Benim hayatımda hep kediler oldu. Çocukluğum Minnoşların, Tekirlerin ve Sarmanların arasında geçti. Annem kedilere bayılır, kedi sevmenin genetik olduğunu iddia ederdi. Kodlarını da annesinden değil teyzesinden aldığına inanırdı. Balkan Savaş’ında Selanik’in kaybıyla Yedikule’ye yerleşmiş olan teyzesi tam anlamıyla bir kedi delisiydi. Fatih’te oturan anneannemle onu ne zaman ziyarete gitsek bir kaçı kucağında olmak üzere evin içinde en az 10, dışında da hazır bekleyen bir başka 10 kedi daha olurdu.
Anneannem ablasının kaçık olduğunu söyler, Yedikule’ye her gidişimizde beni otobüs yolculuğu boyunca kedilere sokulmamam için uyarırdı. Ben de zaten pek sokulmaz, kedilerden ve bu kadar kedinin bir arada olduğu ortamadan hoşlanmazdım. Yedikule benim için kediden çok anneannemin eskilerden beri tanıdığı ve güvendiği pastacıya yapılan mutat ziyaret, Aksaray’a kadar sürecek otobüs yolculuğu için alınan Paskalya çöreğini yemek demekti.
* * *
Mahlep kokusu, “ninenin” evinden üstüme sinen ciğer kokusunu bastırırdı. Fakat aklım korksam da kedilerde kalırdı. Anneannemin evinde görebildiğim tek hayvan cinsi balkonuna konan ve sebatla beslenen kumrulardı. Onların ötüşü, birbiriyle dans edişi, pencerelerden içeri sızan tramvay sesi ve İtfaiye Caddesi’nin garip şekilde huzur verici gürültüsü, özellikle de tarihi bir yapının, muhtemelen bir sarnıcın üstüne inşa edilmiş bu iki katlı binanın mimarisi bana İstanbul’da olduğumu hissettiridi.
Annem ne yapar eder yine de bir yerlerden kedi bulurdu ama annesi kedilerin yakınlara sokulmasına pek müsade etmezdi. Annemin kedileri Gelibolu’da, kendi evindeydi. Nereden bulurdu bilinmez, evimizden ve bahçemizden kedi hiç eksik olmazdı. En az anneannem kadar kedi sevmez babam da annem için kedilerine katlanır, onlarla aynı yatağı paylaşmayı bile istemeye istemeye kabullenirdi.

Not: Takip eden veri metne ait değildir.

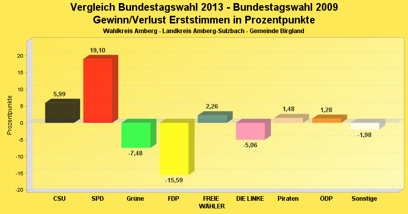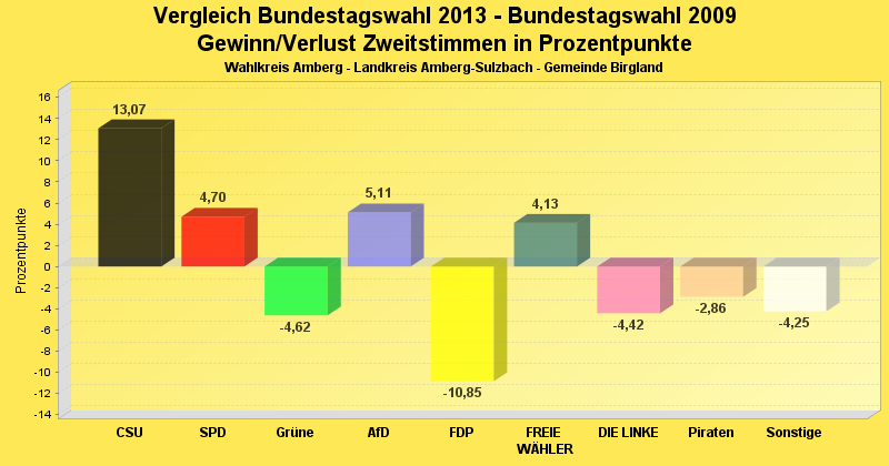 | Partei | Zweitstimmen 2013 | Prozent 2013 | Zweitstimmen 2009 | Prozent 2009 | |
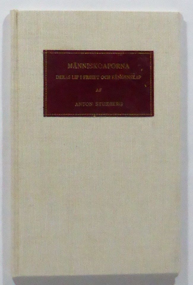 Göteborg; Wettergren & Kerber, 1892. 21,5x14 cm. (1, 1 blank), 31, (1 blank) s. Senare grått linneband med titeletikett i rött skinn på främre pärm. Främre omslaget medbundet. Den förgyllda titel med litet bortfall. Främre omslaget med ett skrapmärke i den inre marginalen. Fint ex. Behandlar gorilla, schimpans, orangutang samt gibbon.
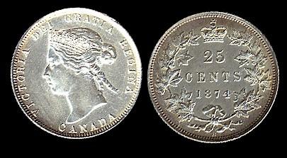 1874H 25¢. A sharp EF45 example.
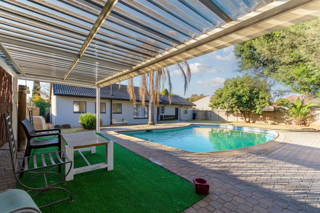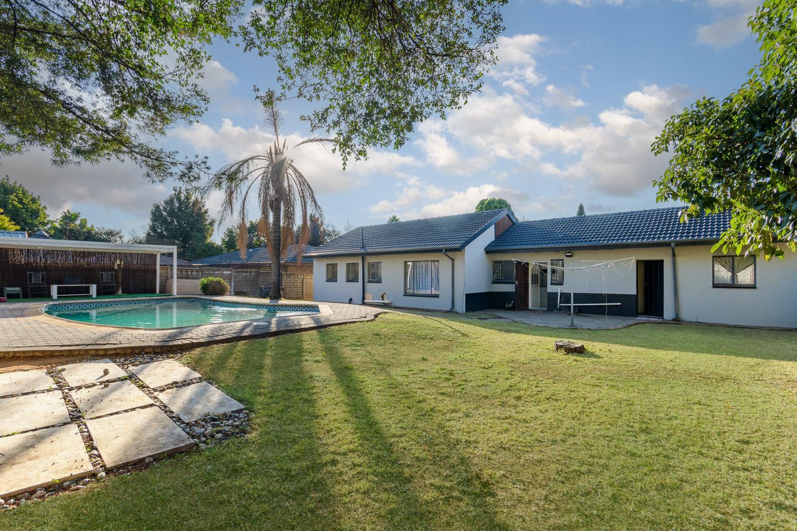 Outdoors, the property features a sparkling swimming pool and a dedicated braai area, creating the perfect setting for outdoor entertaining and summer enjoyment. Additional features include a double garage, a carport, and secure living within a well-maintained gated community, offering peace of mind and a strong sense of community. Conveniently located close to shopping centers and reputable schools, this home presents an excellent opportunity to enjoy secure, spacious family living.
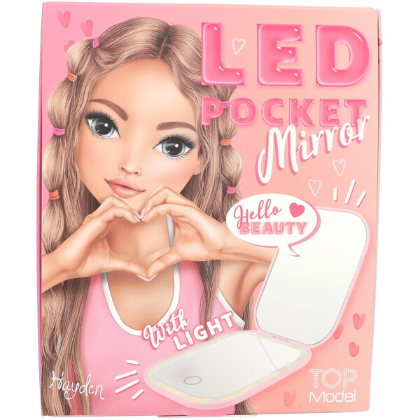 Der ultimative Schminkspiegel für unterwegs: Praktischer rosa Taschenspiegel von TOPModel mit einem normalen Spiegel sowie einem Vergrößerungsspiegel auf der Innenseite. Die integrierte LED-Beleuchtung im unteren Spiegelelement wird einfach über einen Touchsensor gesteuert (ein/aus sowie 3 Lichtstufen).
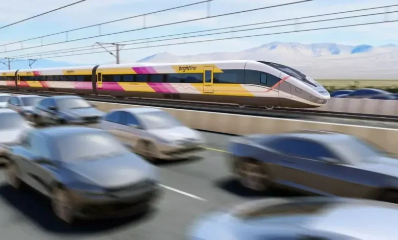 Brightline West will travel 218 miles on the median of Interstate 15 at speeds of up to 200 mph, making the trip in about two hours. (Image: Brightline West)
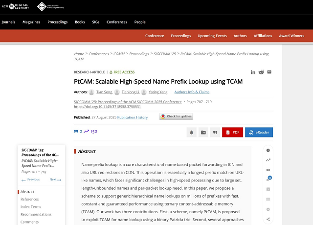 近日,北京理工大学betway西汉姆联嵩天教授团队在新一代互联网架构研究与高性能网络处理技术方面取得重要突破。团队成果“PtCAM: ...
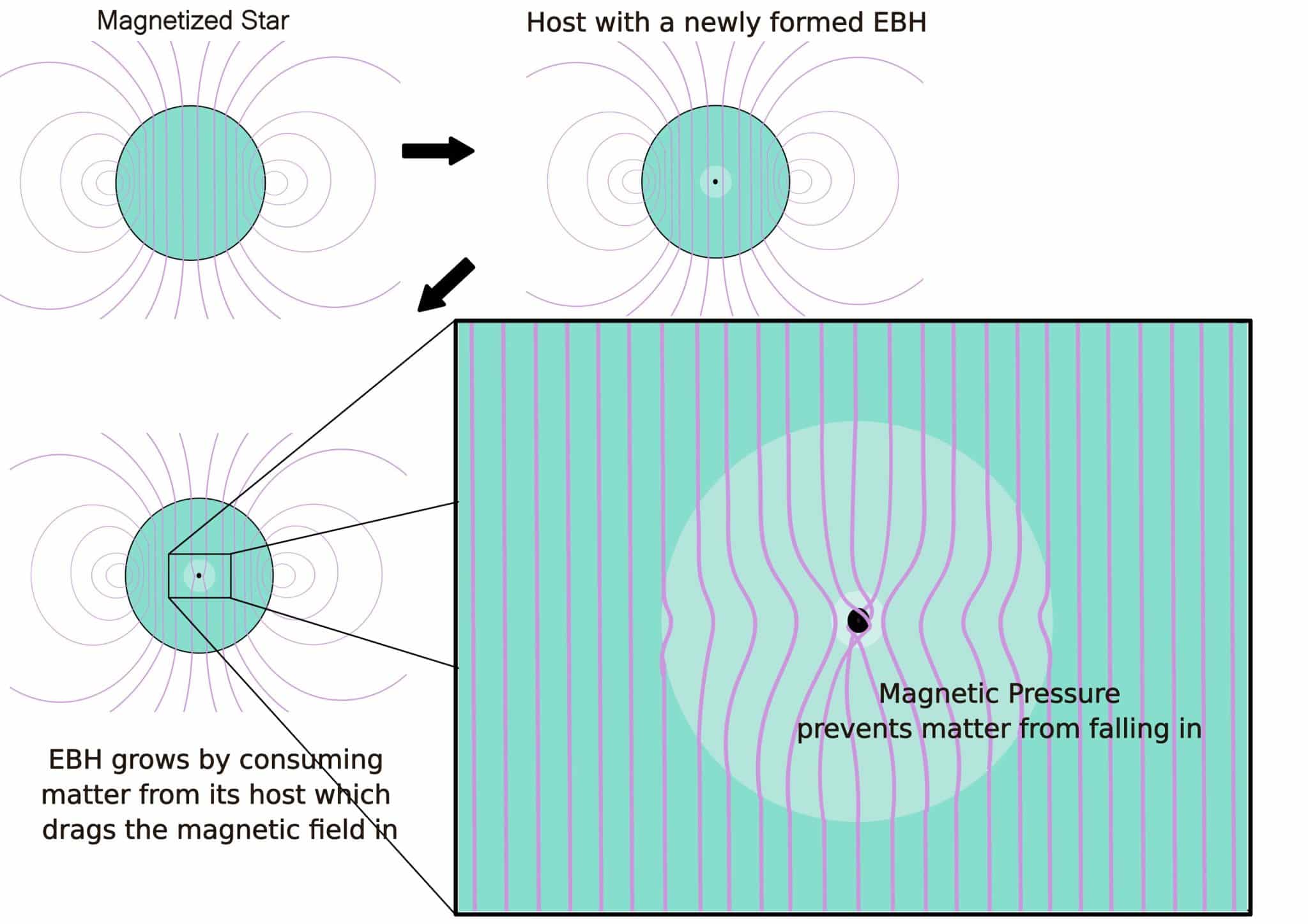 Схема, описывающая как внутри намагниченной компактной звезды из накопившейся темной материи формируется крошечная черная дыра, которая начинает поглощать вещество и затягивать магнитное поле. По мере роста ЧД поле усиливается и искривляется, создавая магнитное давление, тормозящее падение вещества и останавливающее дальнейшее разрушение звезды. / © H. A. Adarsha
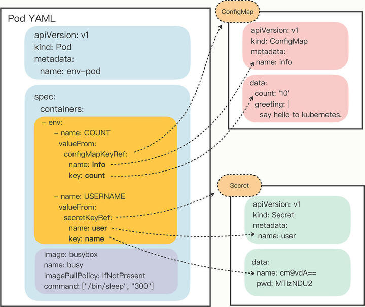 可以使用另一个“valueFrom”字段,从 ConfigMap 或者 Secret 对象里获取值。由于“valueFrom”字段在 YAML 里的嵌套层次比较深,初次使用最好看一下 kubectl explain 对它的说明:
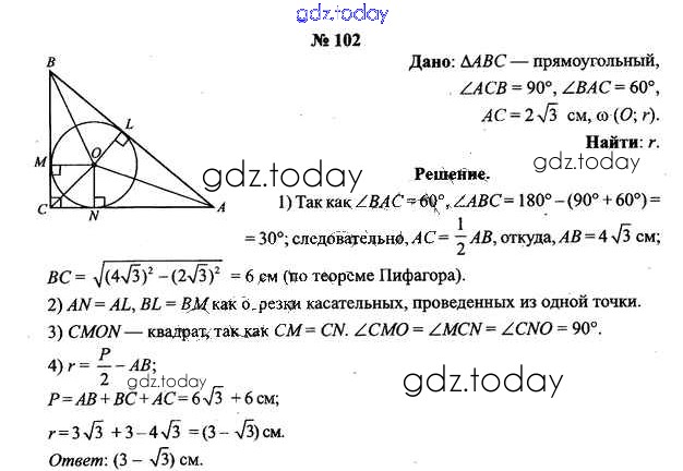 На страницах сайта gdz.today вы найдете учебный и вспомогательный материал, направленный на улучшения знаний школьной программы. ГДЗ - онлайн мир знаний Решение к задачам 102 Учебнику по Геометрии для 9 класса Шлыков Народная асвета 2012
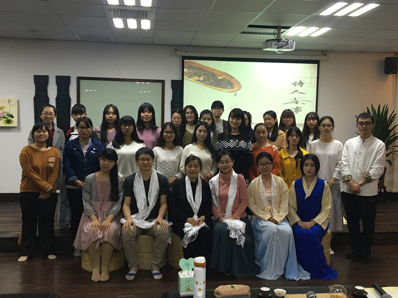 云水茶艺协会举办“诗人茶事”茶艺文化汇报演出,台湾明道大学国学研究所所长罗文玲教授莅临现场指导。把茶冷眼看红尘,随茶静心度春秋。校内师生慕名前来现场于茶人相会,共同品悟禅茶一味。
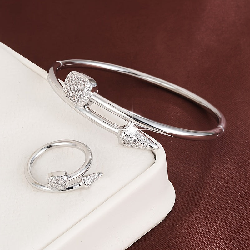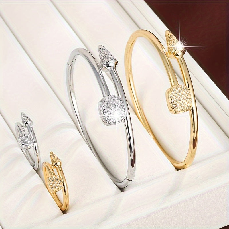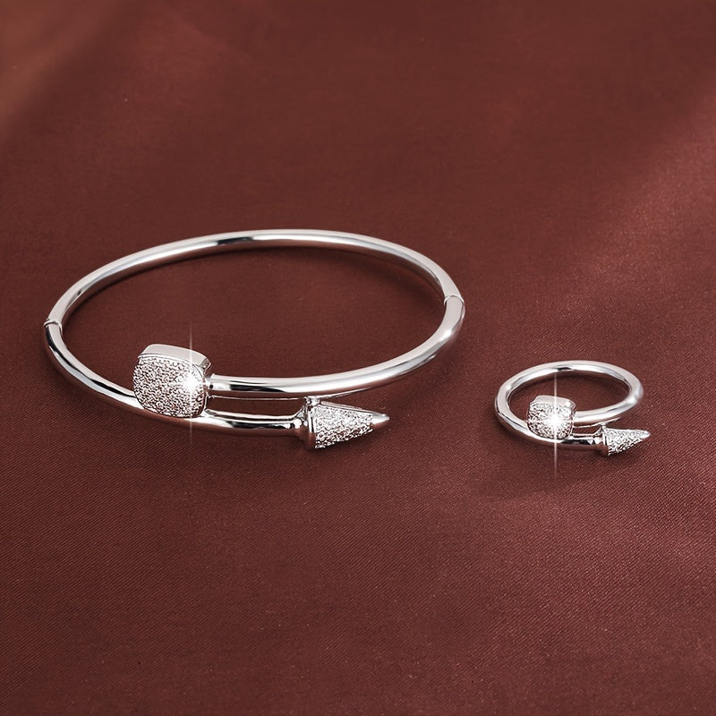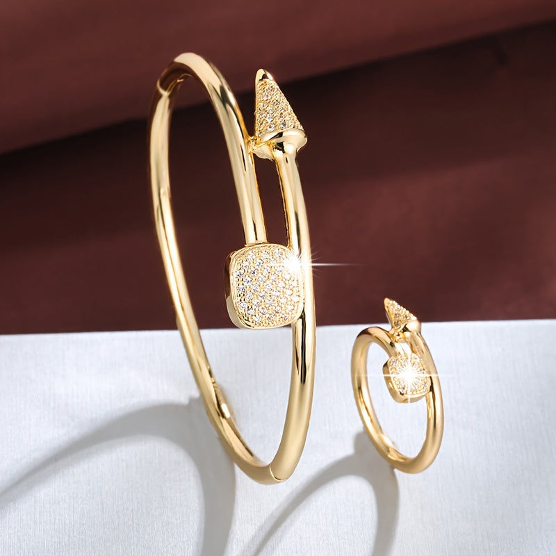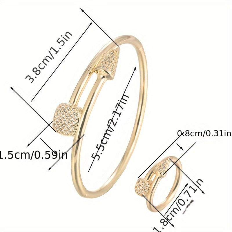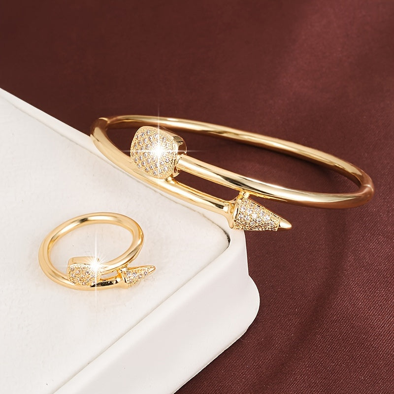 Elegant set featuring a handring & ring, copper plated with synthetic zirconia stones. Perfect for daily wear & gifting occasions.
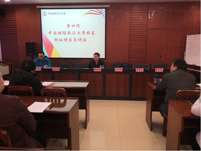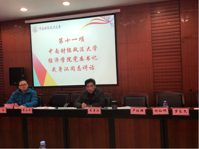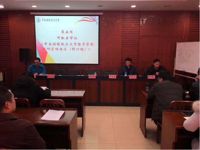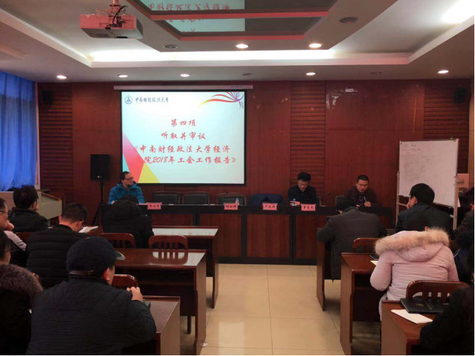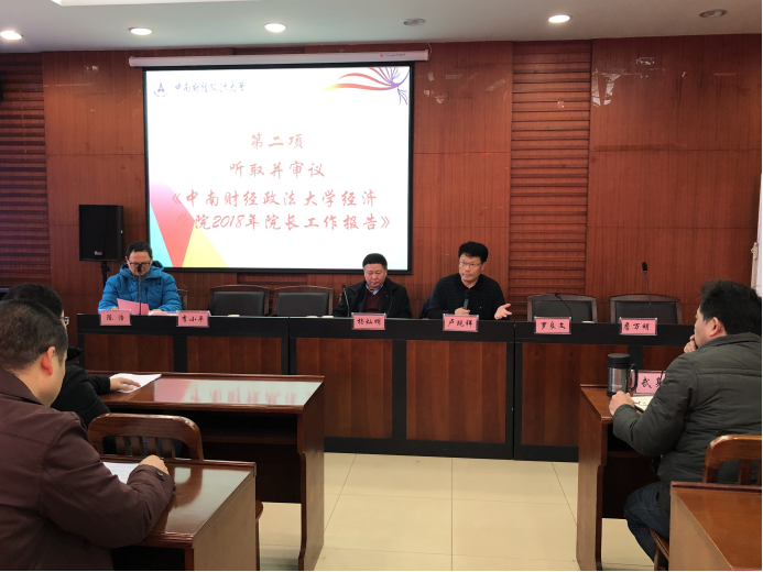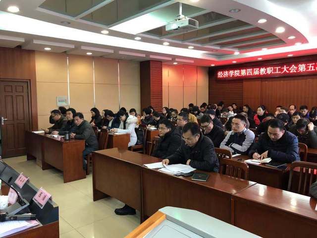 (通讯员:宋昀宜)中南财经政法大学经济学院第四届教职工大会第五次会议暨分工会会员大会于2018年12月20日下午在文泉南206会议室顺利召开。本次大会由经济学院教(职)代会主任陈浩主持,中南财经政法大学校长杨灿明教授及经济学院全体教职工出席了本次大会。
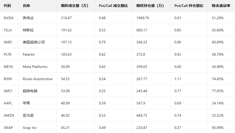 美股期权成交量排行榜前十
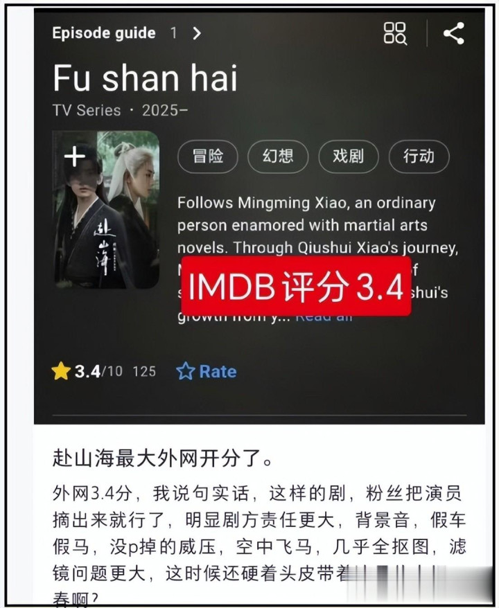 但人生难免高低起伏,就算明星也不例外,若是成毅能坦然面对,虚心接受批评,相信大家都可以接受。如今,他的新剧不仅在国内评价低,在外网的评分也只有3.4,创下国产剧外网评价新低,说是拖后腿也不为过。
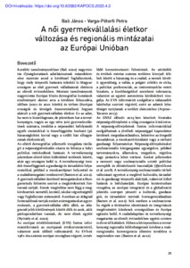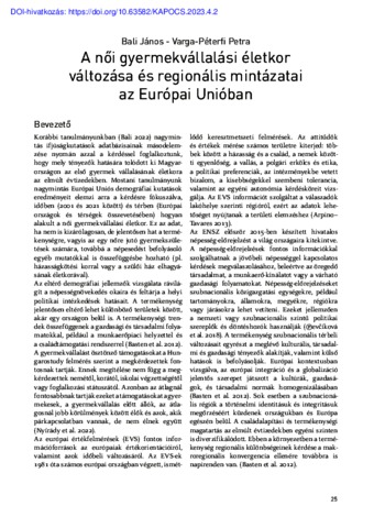 Bali, János and Varga-Péterfi, Petra (2023) A női gyermekvállalási életkor változása és regionális mintázatai az Európai Unióban. KAPOCS, 6 (4). pp. 25-41. ISSN 1588-7227
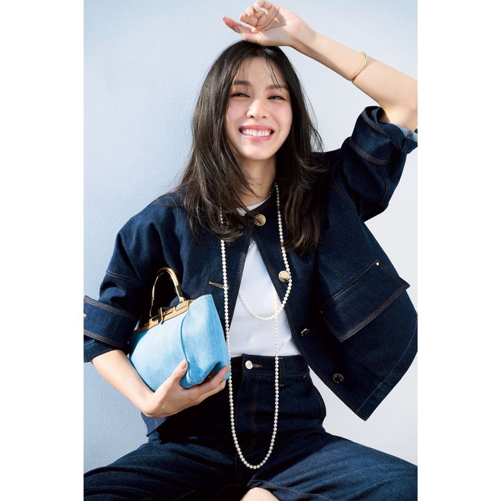 着るだけできちんと見えるノーカラーのジャケット。マッキントッシュから登場した金ボタンのタイプは華やかで、いろいろなボトムスに似合う短丈なのも魅力的。VERY本誌でもたくさん紹介されています。
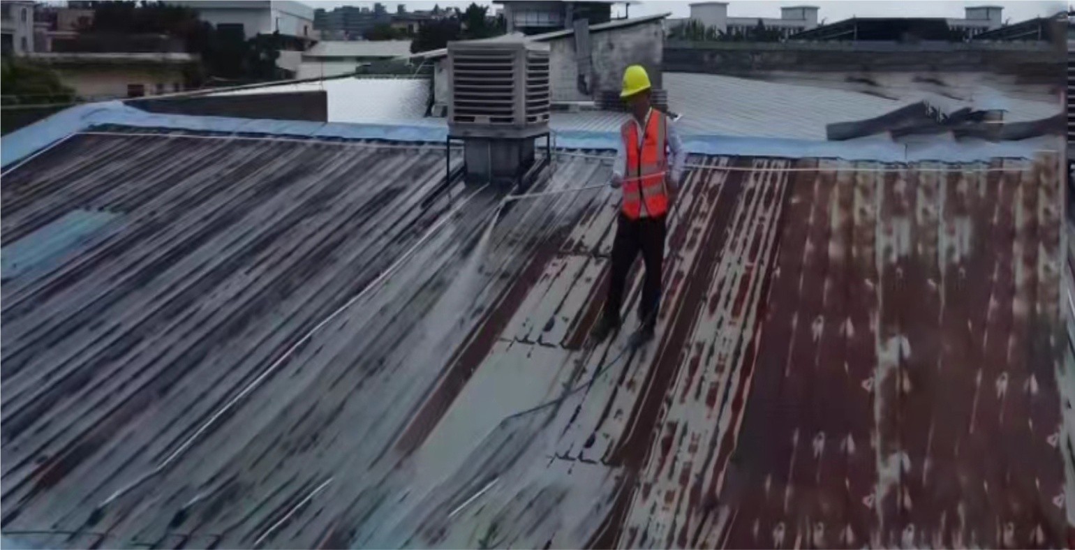 施工前認(rèn)真檢查金屬屋面,確保金屬屋面牢固、無銹蝕,無積水、粉塵、油跡、污垢物及其它松散物。不符合上述條件應(yīng)分別作如下處理:

Yaşlılıklarında biyolojik yaşı kendilerine yakın son kedilerinden biri romatizmal ağrıları yüzünden yataklarına atlarken çıkarttığı canhıraş sesten rahatsız olsa da sadece söylenmekle yetinir, kedi yüzünden uykusunun kaçtığından yakınırdı babam. Hatırladığım kadarıyla en son bizim kedimize, kapımızın önüne bırakılması yüzünden sahiplendiğimiz, iyi bakamadığımızı düşündüğümüz için götürdüğümüz tekire bakmıştı annem.
Sonra onun ömrü yetmedi başka kedilere bakmaya. Ben de uzun yıllar uzaktan bakabildim kedilere. En fazla başkalarının kedilerini sevebildim, Müge’nin direncini kırabilmek için uzunca bir süre uğraşmak zorunda kaldım. Biraz yumuşadığını gördüğüm anda da gri bir yavru bulup eve getirdim. Şimdi tam bir yaşında genç ve güzel bir kızımız var. Bol bol fotograflarını çekiyoruz ve sosyal medyada paylaşıyoruz.
Cinsi gereği pek sokulgan değil, kendini isterse sevdiriyor. Sabahları gelip mırıldanıyor. Yabancılara alışması ise zaman alıyor. Tırnaklarını da koltuklarımızda bilemekten pek hoşlanıyor. Bize göre çok akıllı, özel bir yaratık “Yoda”. Hemen her istediğini anlatıyor, her dediğini de bir şekilde yaptırıyor. Kuyruğunun hareketinden, bakışının farkından ve sesinin tonundan ne demeye çalıştığını anlayabiliyoruz. Ya da anladığımızı zannediyoruz.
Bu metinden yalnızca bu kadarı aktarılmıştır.